An animation mode of interacting with some of the POIs is provided. Interaction may include POIs that animate some change in state of the viewed object (e.g. the vehicle) such as opening a door, trunk, hood, cargo compartment, or the like, or moving some other movable part of the object such as an adjustable spoiler, that allows the user to first select the POI by positioning the cursor via hand movement, then hovering briefly over the POI, or, alternatively, the POI may be immediately selected when the cursor is positioned over it, whereupon the interaction mode changes from using the motion of the hand projected to a 2D space to control 2D cursor movement on the screen to using the motion of the hand in full 3D to control a 3D interaction with a predetermined path of movement that approximates via some simple parameterized space curve such as a line segment, arc, section of a quadratic or cubic curve or spiral, or the like, the progress of that animation, the path and progress along the path being determined by some like interaction enabling the user to move their hand in 3D along a path that maps the viewed space curve into the user's body space to advance and reverse the animation, and the path being rendered in 3D as a 2D overlay or 3D object within the world accompanied by a marker indicating the progress along this path, the marker in some cases being mapped to correlate with a point on a portion of the viewed object that follows the parameterized space curve as the animation progresses, and the interaction mode completing when some specified endpoint is reached in the animation progress, or the hand is dropped to cancel the animation, or by some other similar means, all of this being accompanied by auxiliary audio cues.
The virtual space curve displayed to the user is in the vehicle space which is transformed according to the current user virtual perspective, and the interaction path used by the user to advance and reverse the animation may also be transformed in some way to the user's body space, whether fixed to some transformation of the space curve by the initial orientation of the virtual perspective in the vehicle space or dynamically transforming as the virtual perspective moves, or may always take some fixed predetermined form in the user's body space. Furthermore, this space curve may be initially positioned in body space to begin at the point where the user's hand was when the animation interaction began and be scaled in some way so that the endpoint is within the space the user can reach by moving their hand, these values being used to scale or transform the space curve in body space as the virtual perspective orientation changes. It order to ensure that enough reach is available for a user to complete an animation interaction started from some arbitrary position on the screen resulting from the transformation of the POI in 3D onto the 2D screen, this position necessitating a specific hand position for the user relative to their body or sensor space, a number of methods may be employed, including but not limited to fading out pins in the outer extremity of the screen and disabling access to them, or initially mapping the cursor region of the screen to a region smaller than the maximum reach of the player, or this problem may not be addressed at all, relying on psychological factors naturally influencing users into positioning the POI of interest towards the center of the screen before selecting. Furthermore, anything described herein that may be based on the user's body space may also be based on 3D sensor space, rather than relative to some point on the user's body, or some combination of the two.
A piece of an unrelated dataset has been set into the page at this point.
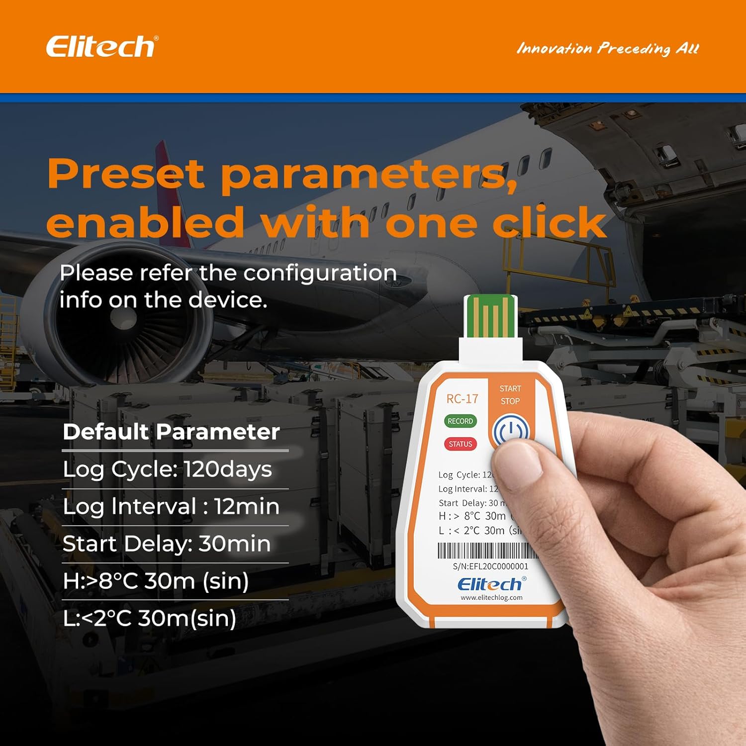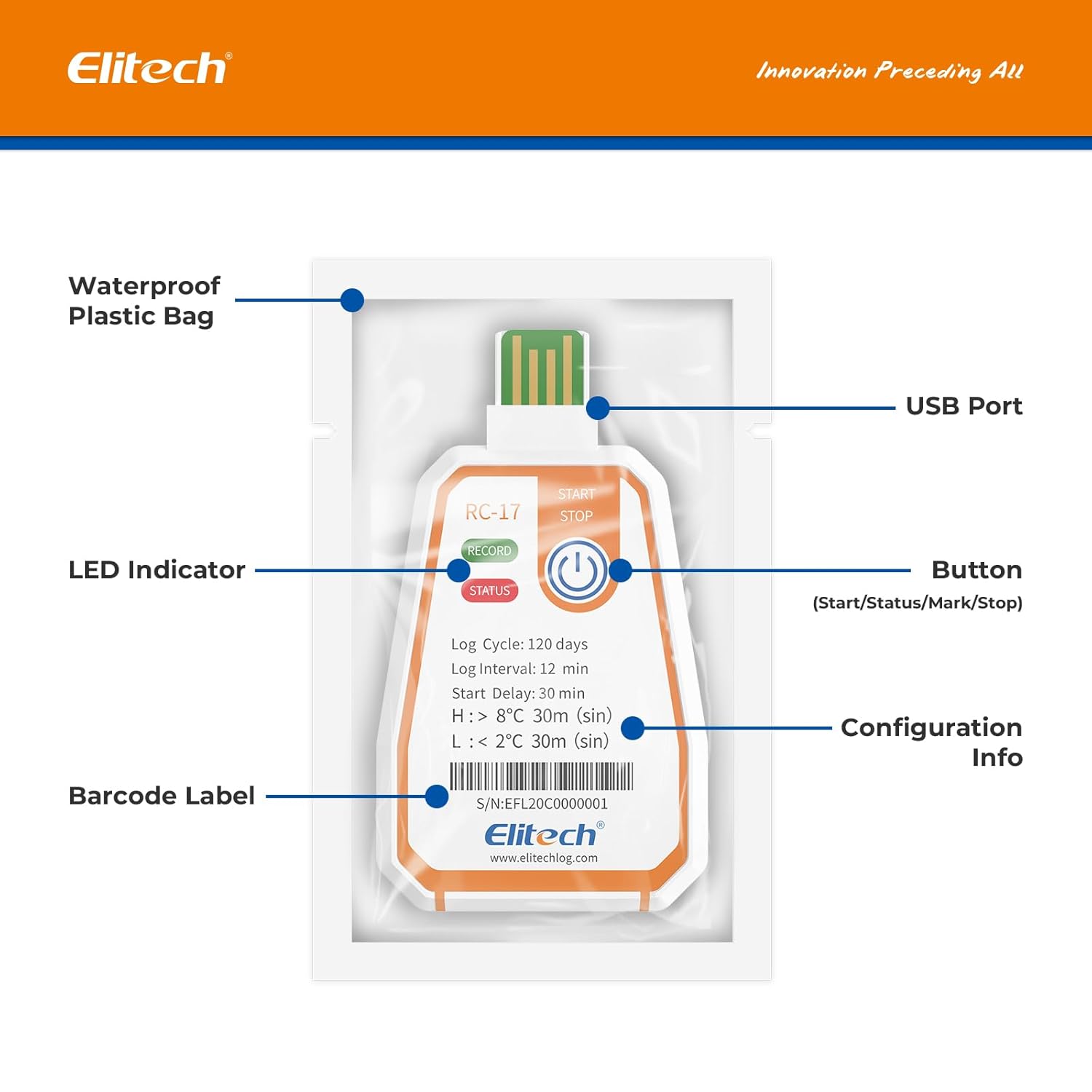 RC-17 Disposable Temperature Logger: The Reliable Solution for Your Cold Chain The RC-17 is a high-precision disposable temperature recorder specifically designed for Cold chain monitoring developed in the food and pharmaceutical industry has a measurement accuracy of ±0.5°C and a wide measuring range of -30°C to +70°C, offers maximum safety for your products. Easy operation and fast data evaluation No calibration or maintenance required Easy USB data export for quick logging Automatic PDF reporting for HACCP audits Reliable performance in any environment IP67 Waterproof Heavy Duty Housing Continuous recording up to 120 days Alarm of excess limit values. Suitable for: Food transport and storage Pharmaceutical Cold Chains Refrigerators & Freezers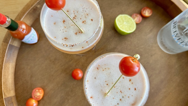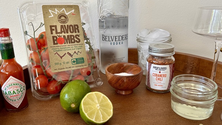 For this recipe, you'll need kosher salt, chile flakes, cherry tomatoes, fresh lime, simple syrup, vodka, hot sauce, and ice. If desired, you can add a large egg white to increase the frothiness.

For example, in the game the user may “touch” via the hand cursor a POI in the vicinity of the door handle, whereupon a 3D arc comprised of arrows indicating the direction of opening and animated in some way appears overlaid on the scene, approximating the path that point on the door would take as the door is opened. This may be accompanied, for example, by a door unlatching sound if a door is being opened. The user may then move their hand roughly along the chord of this arc to advance or reverse the door opening animation in real-time, and a visual pin similar to the original selected pin accompanied by an overlaid hand cursor as well as the position of the door handle now following the path of this 3D arc is displayed to denote progress. The animation completes when the user reaches a point near the end of the chord, accompanied by an appropriate sound effect such as a door shutting sound if for example a door is being closed, or the animation may be cancelled by the user lowering their hand. If the user turns or walks around while this animation interaction is underway, the arc moves correspondingly, and the chord used for interaction moves as well to correspond to this orientation of the virtual perspective in the vehicle space.
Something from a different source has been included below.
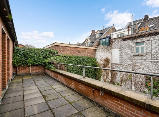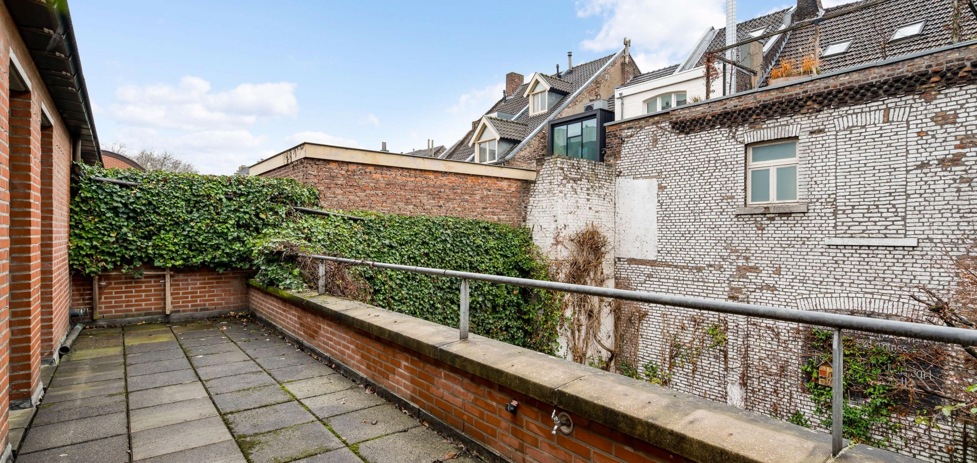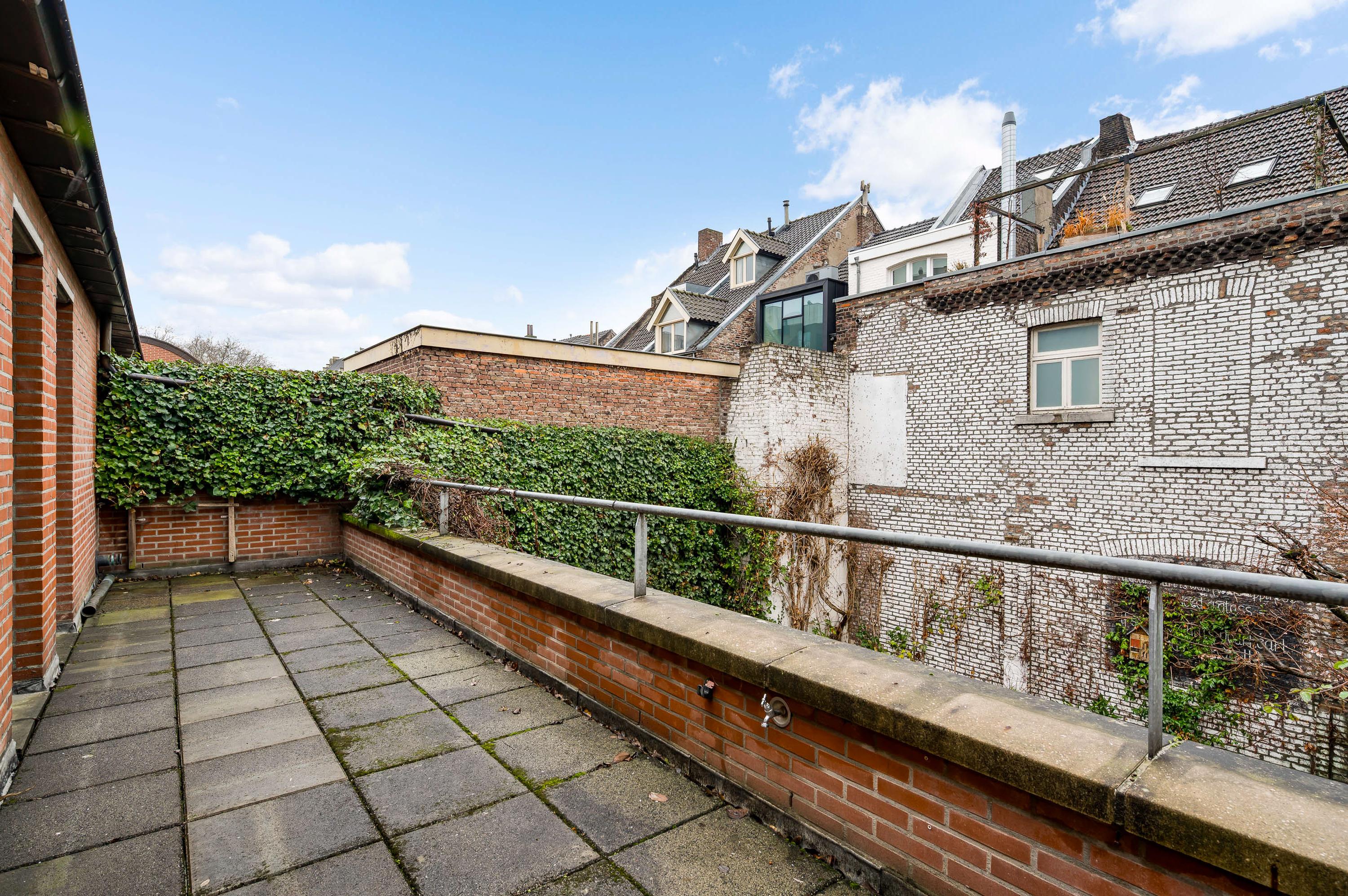Het dakterras (circa 8,79 x 1,99) is een verrassend grote ruimte, waar u uitzicht heeft op veelal historische en monumentale bebouwing. De kenner van Maastricht herkent de achtergevels van prachtige panden die aan de Hoogbrugstraat staan.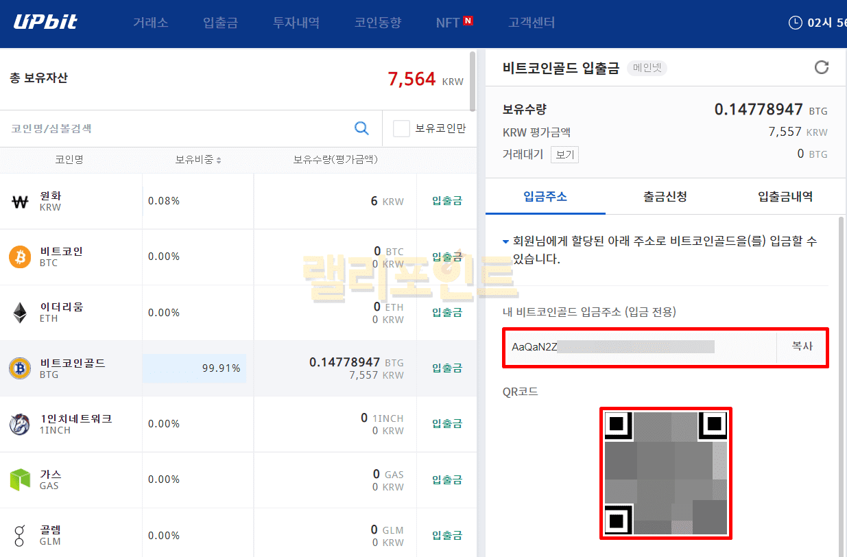 1. 내 코인 입금주소와 QR코드를 확인합니다.

Pins may have proximity and zones, another mechanism provided for interacting with some of the POIs, typically those that involve the user getting into the vehicle or entering an area where something may be viewed by itself in great detail, such as approaching the engine bay. In this mechanism, the activation of a POI is determined by the user's proximity to the POI, parameters being specified similar to those for the visibility cone, and possibly coinciding with them. When the user is proximal to the POI, it may change appearance or animate in some way to invite the user to step closer, and within a certain zone may begin to animate as it activates, the activation taking some number of seconds to complete, during which the user may cancel the activation by stepping out of the zone, or a larger deactivation zone specified around the activation zone. This zone may be relative to the vehicle in the vehicle space, or it may be a zone existing in the user's space, in which case it does not have to be explicitly associated with a particular POI, or it may be associated with a UI element that appears on the screen in 2D space to indicate activation progress to the user. Other than using proximity as the activation cue, these proximity pins or zones would function in a similar way to the hand cursor activated POIs already discussed, triggering animated sequences and the like.
Furthermore, activation of such proximity pins may be predicated on the user assuming a certain pose or range of poses during the activation time period, such as leaning in a general direction, or the activation time period may instead be an activation progress that is controlled by engaging in a range of poses or gesture. As an example, the user may walk up to an open vehicle door in virtual space and be expected to lean towards it to activate an animation that will carry them into the vehicle. Or once in the vehicle they may lean to one side to activate an animation that carries them out of the vehicle.
For example, in the game these proximity pins may be used to enable the user to enter the vehicle by walking up to an open door. A mode where a vehicle engine or other interesting part of the vehicle may be viewed in detail can be entered by walking up to an open engine cover, whereupon a viewing mode similar to the interior mode discussed in this document is entered enabling the user to control a more limited virtual perspective over a specified path, area, or volume with limited YAW, pitch, roll, and zoom or field of view adjustment to view this part in greater detail. The user may exit this mode by stepping back to a certain distance from the sensor, another example of proximity activation.
POIs may control the visibility of other POIs. When some POIs are activated, they may enable or disable other POIs. For example, when a door is opened, the get in vehicle proximity POI may become visible, the open door POI will become invisible, and a corresponding close door POI may become visible. These POIs may become visible or invisible to facilitate further user interaction in such a logical manner, or they may become visible or invisible for other reasons, such as to prevent POIs rendered on a 2D overlay from being visible over a part of the object being interacted with that would otherwise have occluded them were they actually present in a 3D space.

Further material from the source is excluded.